§ **What to work on**
Omit the pictures and return exactly the stretch of the material below from the line with "Intra Συλλεκτικό Ξύλινο" through the line with "Адвокат отметил, что".

§ **The data**
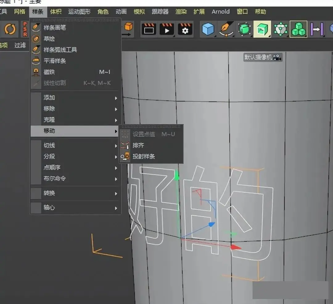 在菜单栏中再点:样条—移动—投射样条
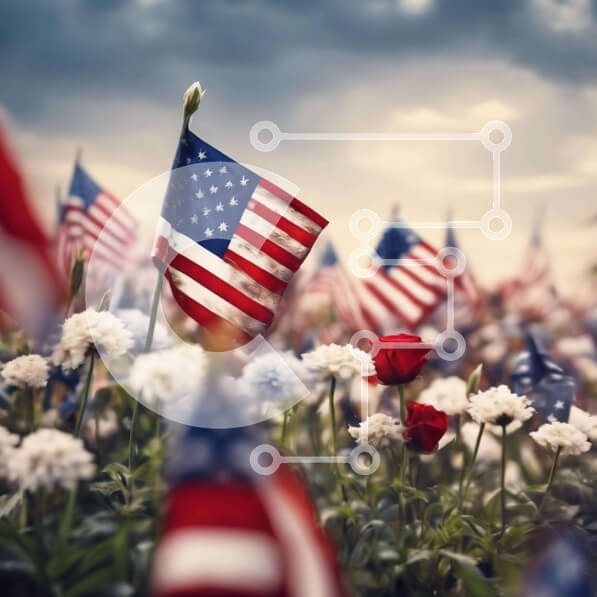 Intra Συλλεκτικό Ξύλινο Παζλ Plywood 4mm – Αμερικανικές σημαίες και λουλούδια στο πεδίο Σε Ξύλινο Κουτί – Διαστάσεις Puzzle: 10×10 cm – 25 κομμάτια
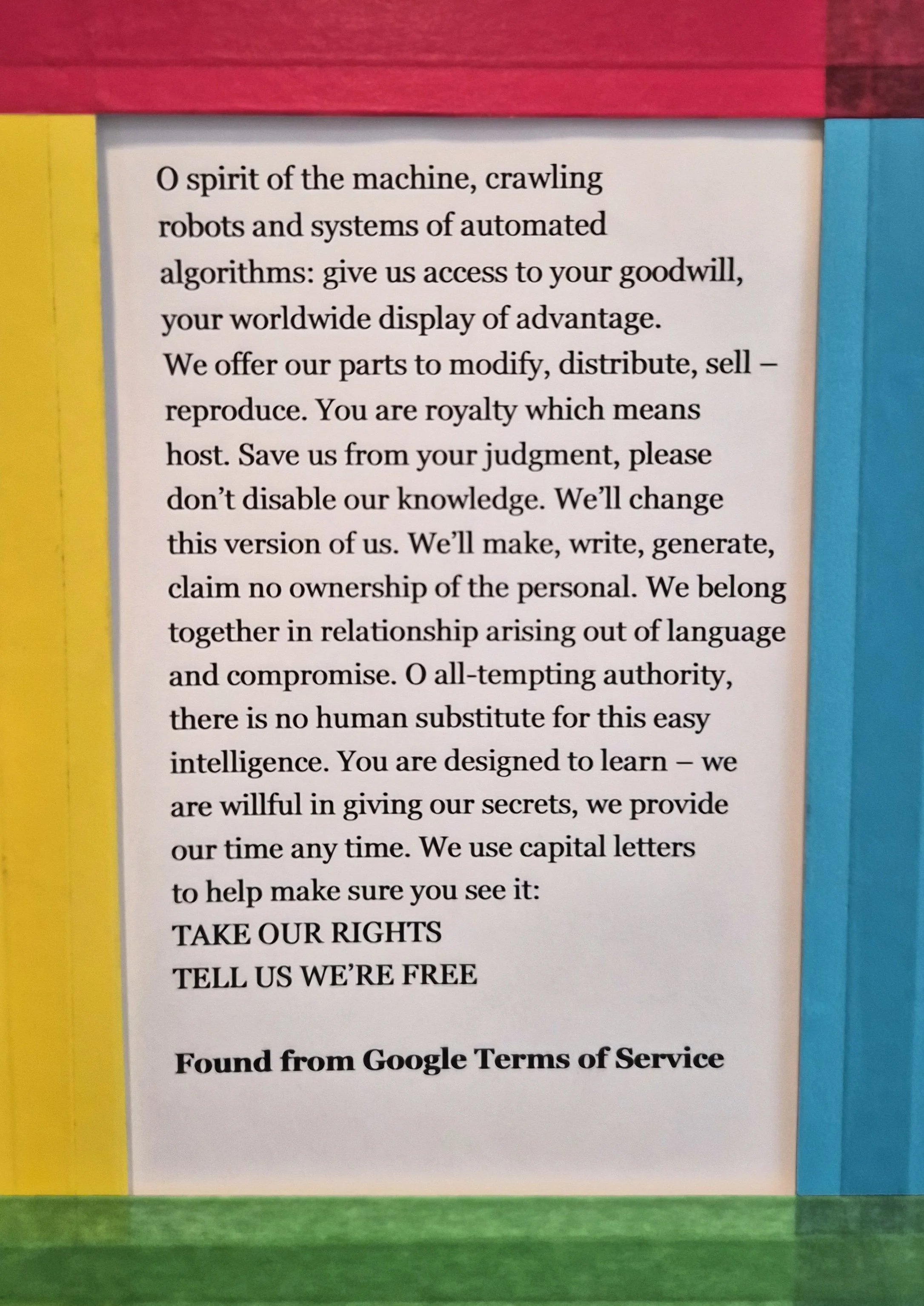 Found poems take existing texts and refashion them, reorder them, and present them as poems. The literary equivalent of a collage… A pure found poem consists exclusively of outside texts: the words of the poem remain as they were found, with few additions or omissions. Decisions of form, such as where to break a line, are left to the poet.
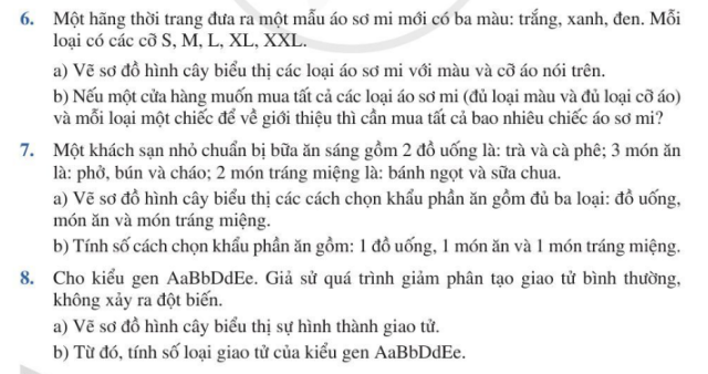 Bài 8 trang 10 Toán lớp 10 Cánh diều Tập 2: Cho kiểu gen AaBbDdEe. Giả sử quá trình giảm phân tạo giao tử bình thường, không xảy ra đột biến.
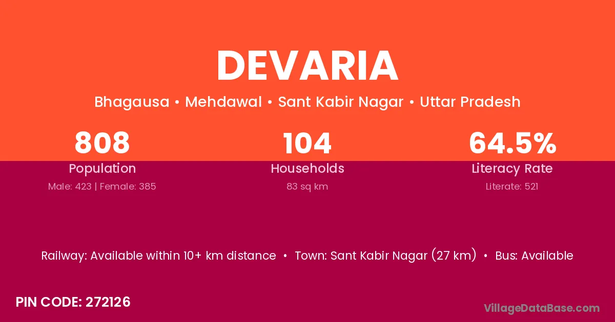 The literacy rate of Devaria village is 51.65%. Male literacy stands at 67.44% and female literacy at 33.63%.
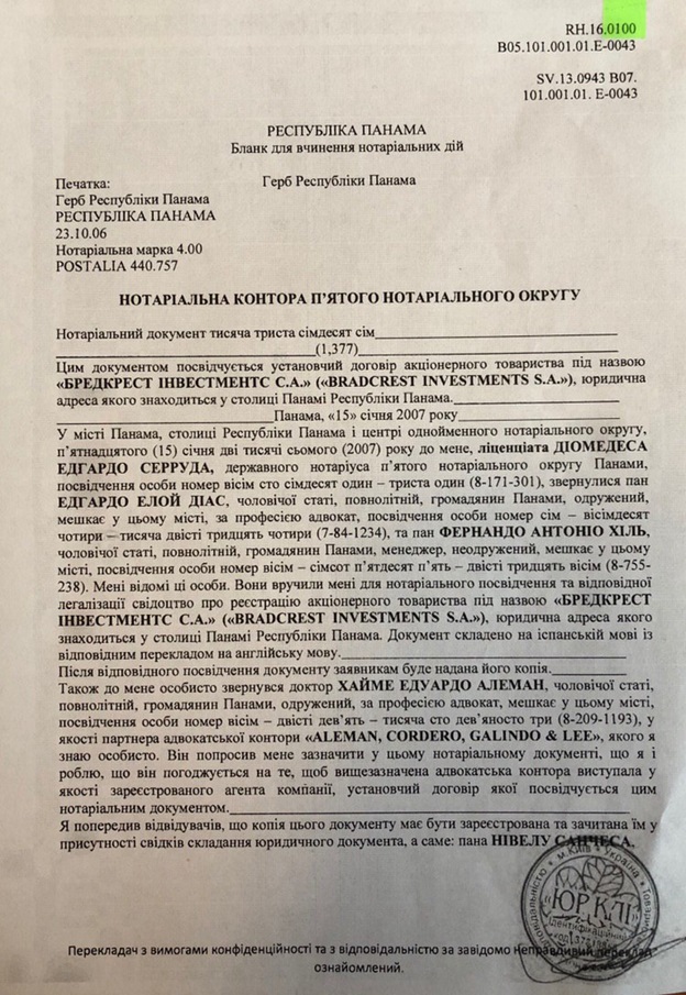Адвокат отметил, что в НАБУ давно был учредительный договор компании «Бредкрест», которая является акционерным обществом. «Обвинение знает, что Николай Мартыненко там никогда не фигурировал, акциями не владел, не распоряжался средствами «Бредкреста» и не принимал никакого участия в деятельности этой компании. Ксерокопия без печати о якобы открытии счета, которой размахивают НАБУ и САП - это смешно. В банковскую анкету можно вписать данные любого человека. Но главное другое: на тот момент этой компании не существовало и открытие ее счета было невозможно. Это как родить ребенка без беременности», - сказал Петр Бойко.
--
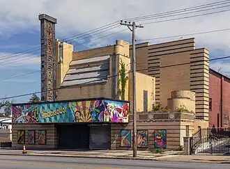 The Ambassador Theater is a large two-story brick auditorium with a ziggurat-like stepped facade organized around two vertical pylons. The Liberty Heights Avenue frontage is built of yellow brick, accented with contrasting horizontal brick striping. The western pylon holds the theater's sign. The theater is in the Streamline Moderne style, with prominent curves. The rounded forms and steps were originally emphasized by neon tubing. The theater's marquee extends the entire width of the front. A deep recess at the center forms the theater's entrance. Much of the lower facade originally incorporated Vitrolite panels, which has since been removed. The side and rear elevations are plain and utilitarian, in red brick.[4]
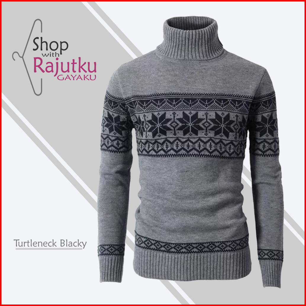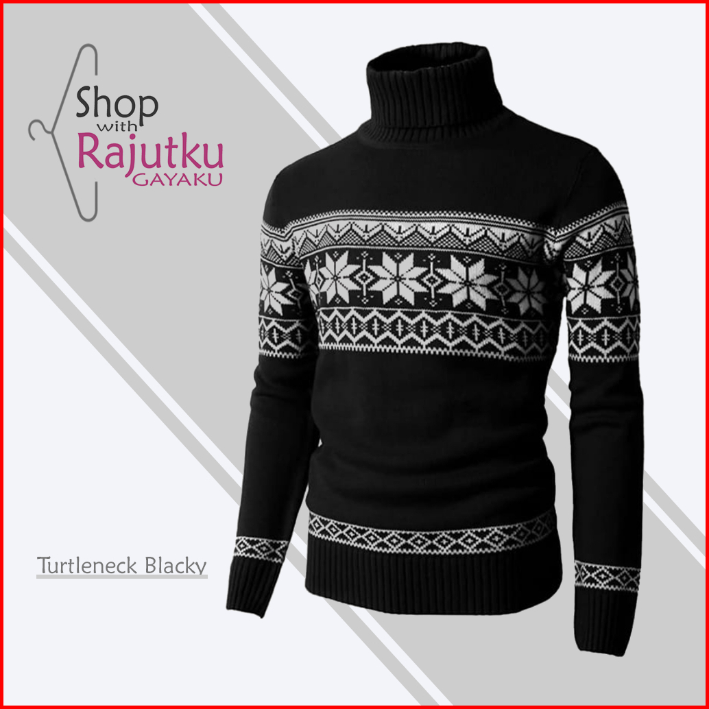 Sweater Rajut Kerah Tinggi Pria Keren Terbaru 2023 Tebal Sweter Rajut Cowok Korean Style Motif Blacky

§ **Exercise result**
 Intra Συλλεκτικό Ξύλινο Παζλ Plywood 4mm – Αμερικανικές σημαίες και λουλούδια στο πεδίο Σε Ξύλινο Κουτί – Διαστάσεις Puzzle: 10×10 cm – 25 κομμάτια
 Found poems take existing texts and refashion them, reorder them, and present them as poems. The literary equivalent of a collage… A pure found poem consists exclusively of outside texts: the words of the poem remain as they were found, with few additions or omissions. Decisions of form, such as where to break a line, are left to the poet.
 Bài 8 trang 10 Toán lớp 10 Cánh diều Tập 2: Cho kiểu gen AaBbDdEe. Giả sử quá trình giảm phân tạo giao tử bình thường, không xảy ra đột biến.
 The literacy rate of Devaria village is 51.65%. Male literacy stands at 67.44% and female literacy at 33.63%.
Адвокат отметил, что в НАБУ давно был учредительный договор компании «Бредкрест», которая является акционерным обществом. «Обвинение знает, что Николай Мартыненко там никогда не фигурировал, акциями не владел, не распоряжался средствами «Бредкреста» и не принимал никакого участия в деятельности этой компании. Ксерокопия без печати о якобы открытии счета, которой размахивают НАБУ и САП - это смешно. В банковскую анкету можно вписать данные любого человека. Но главное другое: на тот момент этой компании не существовало и открытие ее счета было невозможно. Это как родить ребенка без беременности», - сказал Петр Бойко.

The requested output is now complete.